* **WORK ITEM**:
Write back every line of the listing exactly, excluding images.

* **SUPPLIED MATERIAL**:
□ □ □ □ □ □ □

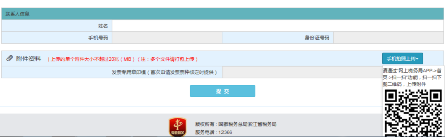 通過手機APP”云南稅務(wù)—我—上傳附件”功能,掃描圖中二維碼,上傳發(fā)票專用印模。
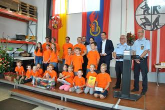 Im Anschluss daran war es Manuel Follmann eine besondere Ehre, die neue Bambini-Feuerwehr Altrich zur Gründung zu beglückwünschen. Ganze 20 Kinder werden fortan den Bambinis angehören und gemeinsam mit Rebecca Benz spielerisch ihren Aufgaben nachgehen und zu einem guten Team zusammenwachsen. Peter Gerhards, Vizepräsident des Landesfeuerwehrverbandes, übergab in feierlicher Runde die Urkunde und hielt gemeinsam mit Wehrführer Henning Benz eine Überraschung für die Nachwuchskräfte bereit. Mit strahlenden Augen nahmen die Bambinis ihr Spielzeug-Feuerwehrauto in Empfang und versprachen, zukünftig gut darauf aufzupassen.
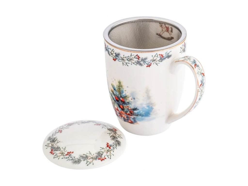 Vianočný hrnček Zimná harmónia – porcelánový hrnček so sitkom a pokrievkou 350 ml

□ □ □ □ □ □ □

* **ANSWER BELOW**:
 通過手機APP”云南稅務(wù)—我—上傳附件”功能,掃描圖中二維碼,上傳發(fā)票專用印模。
 Im Anschluss daran war es Manuel Follmann eine besondere Ehre, die neue Bambini-Feuerwehr Altrich zur Gründung zu beglückwünschen. Ganze 20 Kinder werden fortan den Bambinis angehören und gemeinsam mit Rebecca Benz spielerisch ihren Aufgaben nachgehen und zu einem guten Team zusammenwachsen. Peter Gerhards, Vizepräsident des Landesfeuerwehrverbandes, übergab in feierlicher Runde die Urkunde und hielt gemeinsam mit Wehrführer Henning Benz eine Überraschung für die Nachwuchskräfte bereit. Mit strahlenden Augen nahmen die Bambinis ihr Spielzeug-Feuerwehrauto in Empfang und versprachen, zukünftig gut darauf aufzupassen.
 Vianočný hrnček Zimná harmónia – porcelánový hrnček so sitkom a pokrievkou 350 ml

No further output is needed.